LC natural response derivation 2

In the last video, we set up this differential equation that described an LC circuit, and now we're going to go about solving this second-order circuit. The technique that works here is the same that worked with first-order ordinary differential equations. We're looking for a function of i that makes this whole equation true, and we're going to do that by guessing at an i, putting it back into the equations, and seeing if it works. If it works, we win; if it doesn't work, we have to think of something else, and we keep doing that until we solve it.

So knowing what I know about derivatives and looking at this equation, can I guess at a plausible solution? What we have here are two terms that have to add up to zero for all time. That means that whatever function I pick for i—and there are some scaling factors here—let me write this equation like this. So what I have here is a scaling factor times i that has to somehow fully subtract from the second derivative of i. These two terms have to somehow look alike for all time.

There's one function I know where its derivatives sort of look like what we started with, and that's the exponential function. So I'm actually going to make a guess. I'm going to guess that i of t is something of the form some constant times the exponential of time with some other scale factor. Now, k is an adjustable parameter, and that's an amplitude, telling us how big the signal is. What's s? s is up in the exponent along with t, and we know that by the time we take an exponent of anything, that whatever's up here has to have no units. So that means that s times t has no units, and that means that s has units of one over time.

So s is a frequency of some sort, and in particular, it's going to be a radian frequency. It's going to be in radians per second, so s is going to be called the natural frequency. Let's keep working on this. We're going to try to plug i back into our equation and see if it works. We can plug i straight into here, and we need the second derivative of i.

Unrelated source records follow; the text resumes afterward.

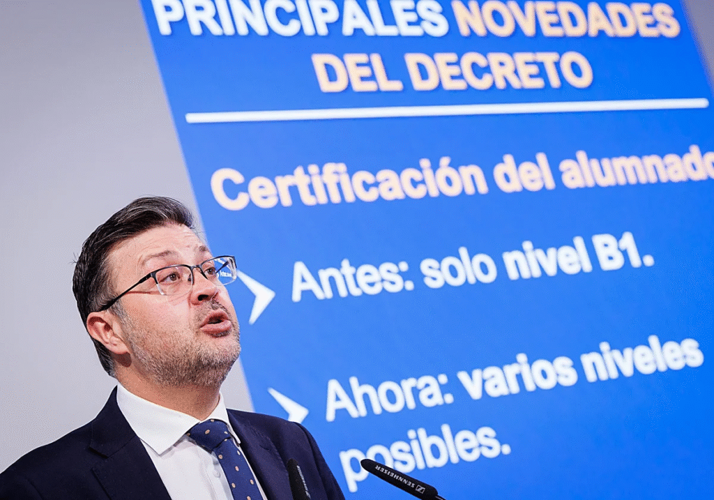 También se revisan los requisitos de competencia lingüística del profesorado. En Educación Infantil y Primaria se exigirá un nivel B2, mientras que en Secundaria y etapas posteriores será necesario un nivel C1. No obstante, el profesorado con al menos diez meses de experiencia previa desde el curso 2018-2019 podrá continuar con un nivel B2.
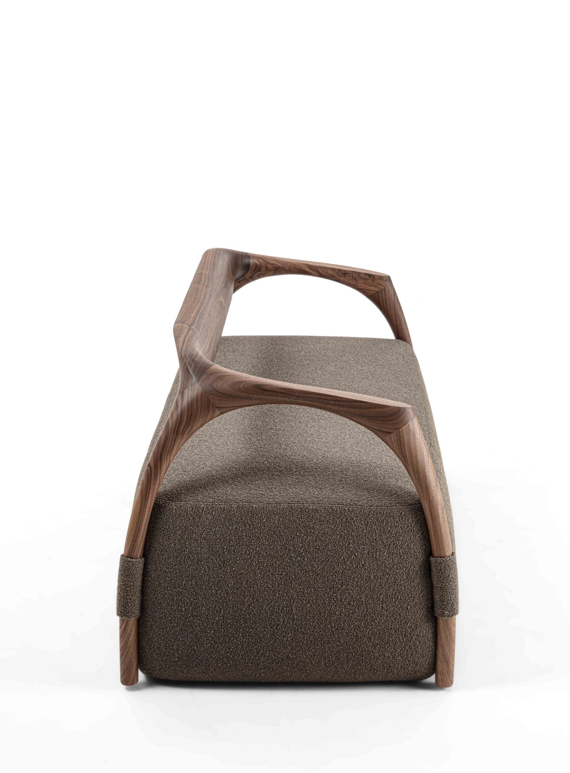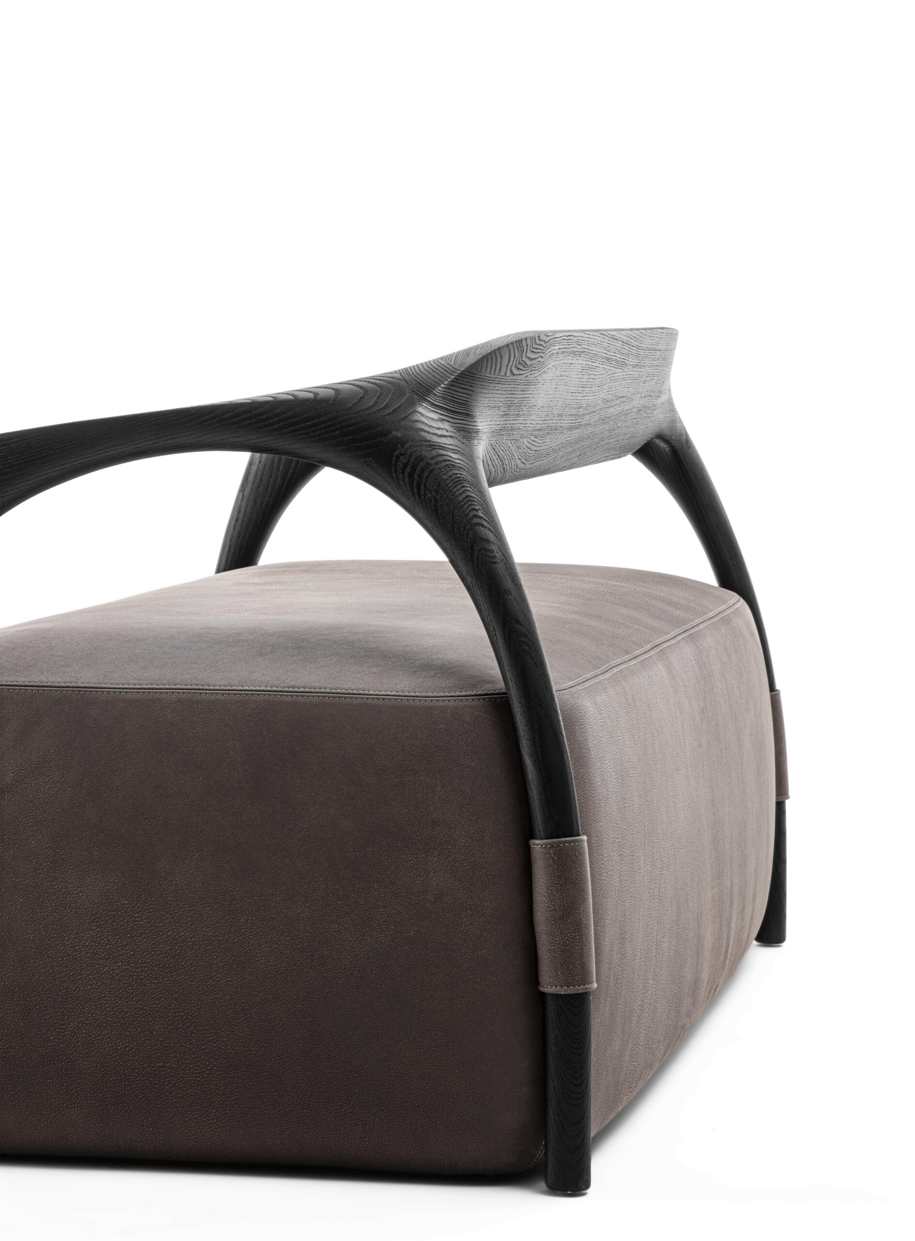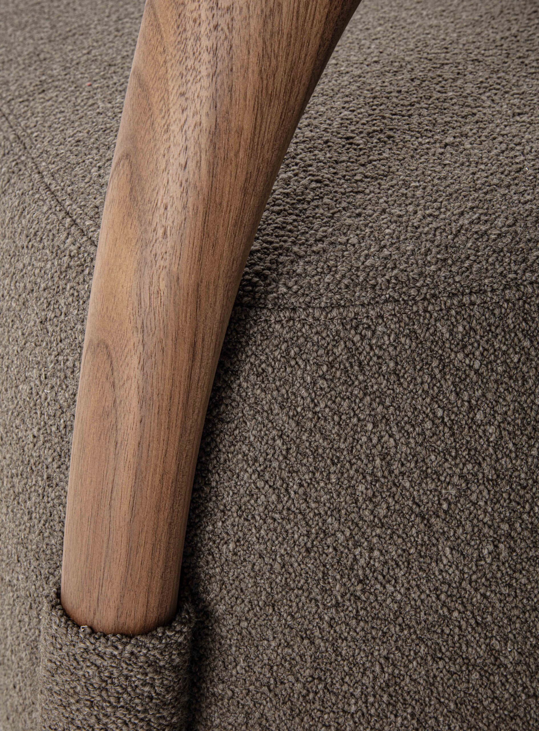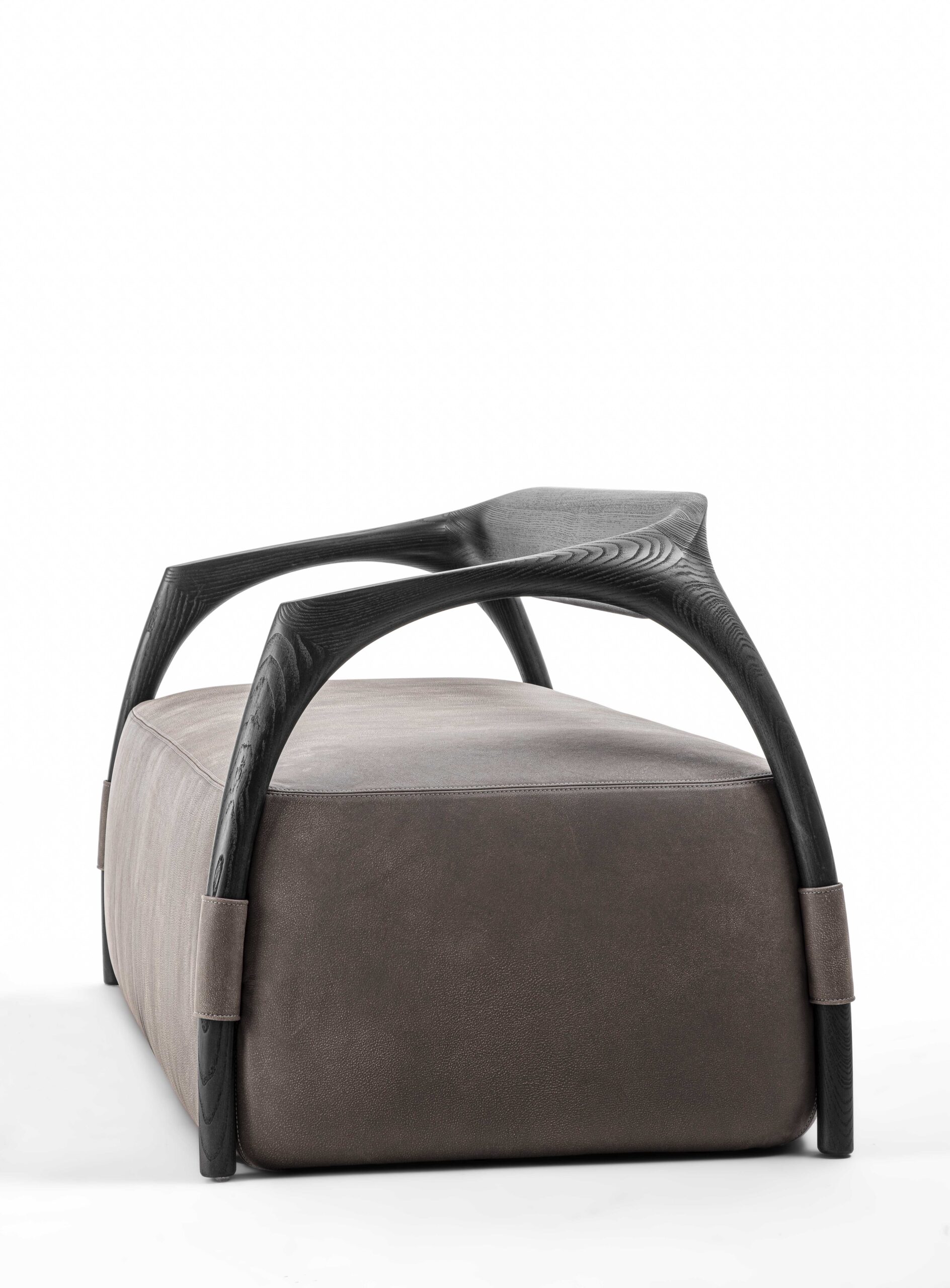沙發結構採用實木製成,由椅腳與靠背構成,座墊為填充設計,可選擇布料或皮革包覆。
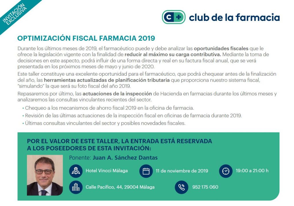 «Optimizacion Fiscal Farmacia 2.019». Málaga 11 noviembre 2.019.Club de la Farmacia Almirall

So let's first take the first derivative: d/dt of i equals d/dt of k e^(st). We can take that derivative, and that equals k times s times e^(st), so it's also an exponential. Now we need the second derivative, so we want to take the derivative of this guy. The second derivative of i with respect to time equals the derivative of the first derivative of k e^(st), and that equals another s that comes down, so it's s² k e^(st).

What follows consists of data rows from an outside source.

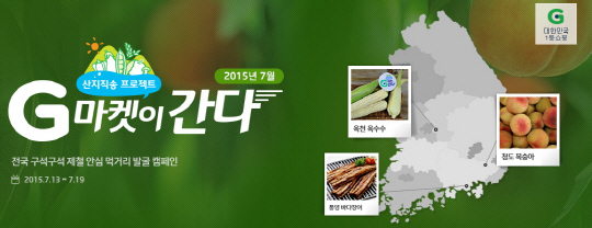 국내 최대 온라인쇼핑사이트 G마켓(www.gmarket.co.kr)이 19일까지 산지직송 프로모션 'G마켓이 간다' 여름 시즌편을 진행한다. 바다장어, 옥수수, 복숭아, 단호박 등 다양한 제철 식품과 지역 특산물을 할인 판매하고 유명 셰프가 함께하는 레시피 영상도 소개한다.
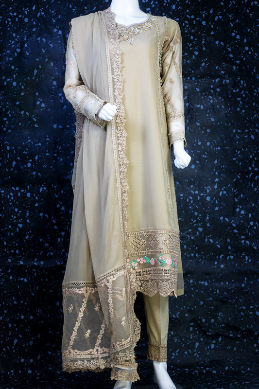 Elegant Chiffon Shirt with Satin Trouser & Matching Dupatta
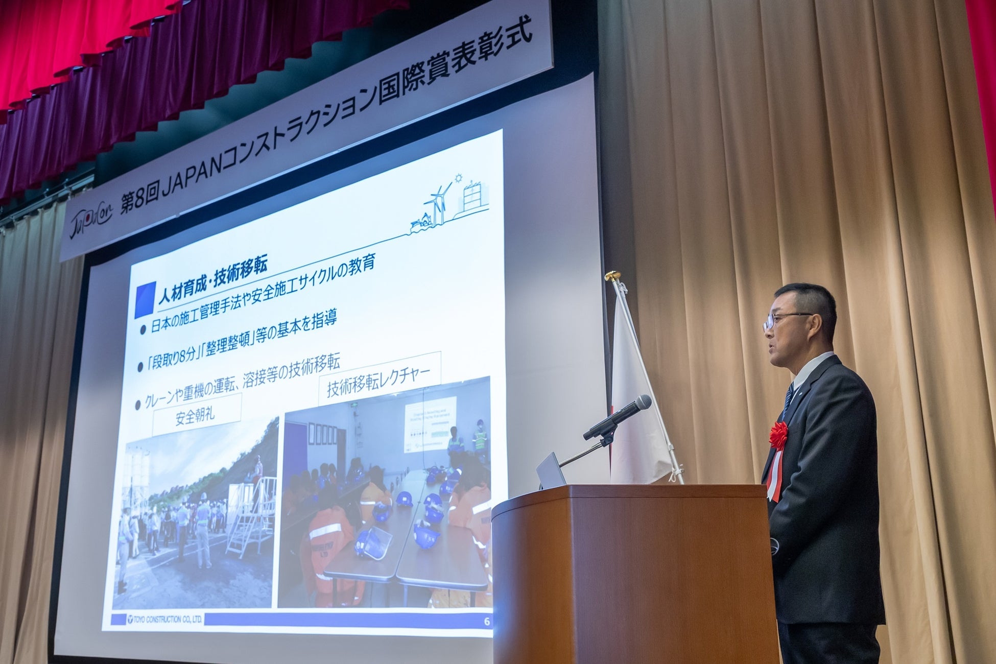 「JAPANコンストラクション国際賞」は、日系企業が海外で携わった「質の高いインフラ」プロジェクトのうち、特に人材育成や技術移転を通じて国際的に貢献するとともに、優れたノウハウや技術力を発揮した設計、施工、不動産開発等の日系企業に対し、表彰するものです。
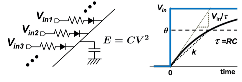 我々がTACT(Time-domain Analog Computing with Transient states)と名付けた計算モデルと集積回路方式は,最も簡単なスパイキングニューロンモデルである積分発火型ニューロンモデルにヒントを得て,究極の低消費エネルギーで積和演算を行うことができる,時間領域アナログ集積回路方式です.これは近年,専用AIチップの先端研究で主流になっているインメモリ計算(CiM)方式での究極的な高効率方式と考えています.
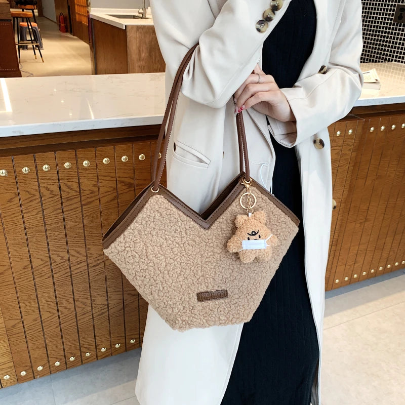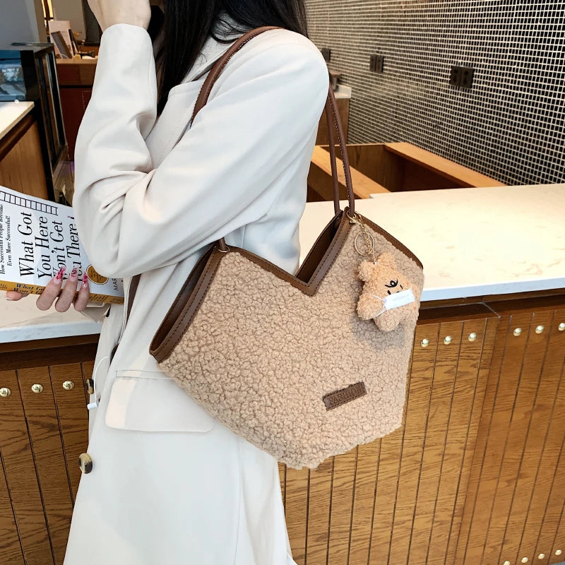 This plush shoulder bag is perfect for the autumn and winter seasons. It is designed with a large capacity for all your essentials.
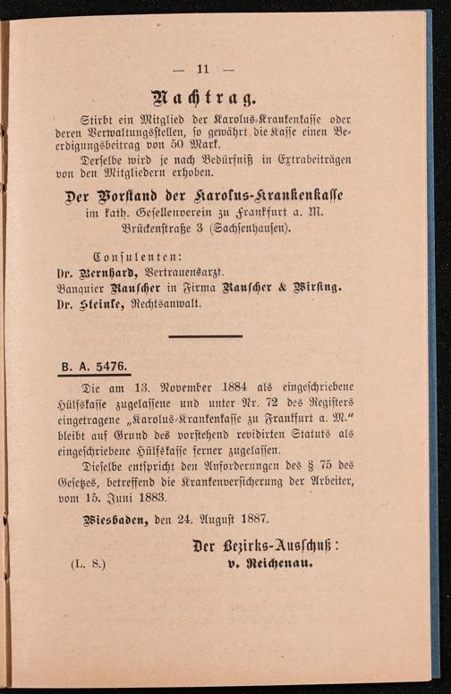 B 5 Dr. Senckenbergische Stiftung, 249 - Verhandlungen der Administration mit der Ortskrankenkasse
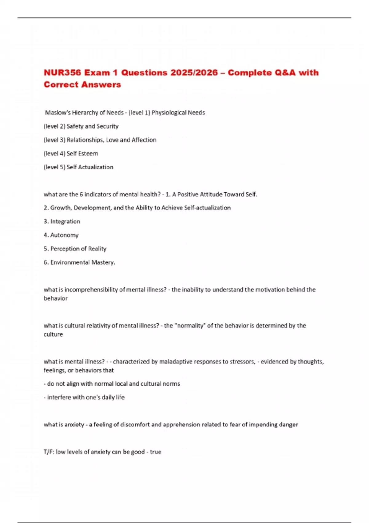 NUR356 Exam 1 Questions 2025/2026 – Complete Q&A with Correct Answers

Good. Now we have our second derivative; we can plug that in here. So the equation becomes s² k e^(st) + (1/LC) k e^(st) = 0. Let's do a little factoring. There's a common term here: k e^(st). Let me factor that out: k e^(st) times what's left: s² + (1/LC) = 0.

Okay, we have how many adjustable parameters here? We have k and s; those are the two. L and C are constants that are values of our circuit. So we need to find some values of k and s that make this equation zero. I can make k equal to zero, and that would mean that 0 = 0, so our amplitude would be 0. If we put nothing in the circuit, we get nothing out. That's totally boring, so that's not so interesting of a solution.

Now, does e^(st) ever become zero? e to something? It never does. If I let t go to plus infinity and s is negative, then e^(st) would become zero, but plus infinity time from now is pretty far in the future, and I don't want to wait that long. So the interesting solution becomes: can we make s² + (1/LC) equal to zero? This equation is referred to as the characteristic equation.

Let's see what happens when we try to solve this. The first step of this is, I'm going to get s² = -1/LC or s = sqrt(-1/LC). Uh oh, look what happens here; we're taking the square root of a negative number. So what's going to happen here? We're going to get an imaginary number for our answer. I can write this as sqrt(-1) times sqrt(1/LC), and that gives me two answers. I'm going to call the first answer s₁, and that's going to be equal to j, which is the imaginary number (that's the square root of -1 for electrical engineers), times sqrt(1/LC). The other s₂ is the negative of that: -j.

So these are two possible solutions to our differential equation. Now I'm going to give a nickname to this expression here because I don't want to write it so much; I'm going to call this ω₀. This is a lowercase omega, a Greek letter. This is the capital omega that we use for ohms, but little omega is often used as this variable here. So I can say that s = s₁ = +jω₀ and s₂ = -jω₀.

We're going to use this notation for a little bit, but just remember I made that simple substitution. We have two different roots that can cause our differential equation to go to zero. So when we combine these into a solution for i, we're going to say i = k₁ e^(s₁ t) + k₂ e^(s₂ t). I could also write this as, let's fill in some of the numbers here: k₁ e^(+jω₀ t) + k₂ e^(-jω₀ t). So that's my proposed solution.

What we need to do now, we found s; we found two values of s. Now we have these two constants. We got to work those out. So in the next video, we'll use the initial conditions to figure out what k₁ and k₂ are.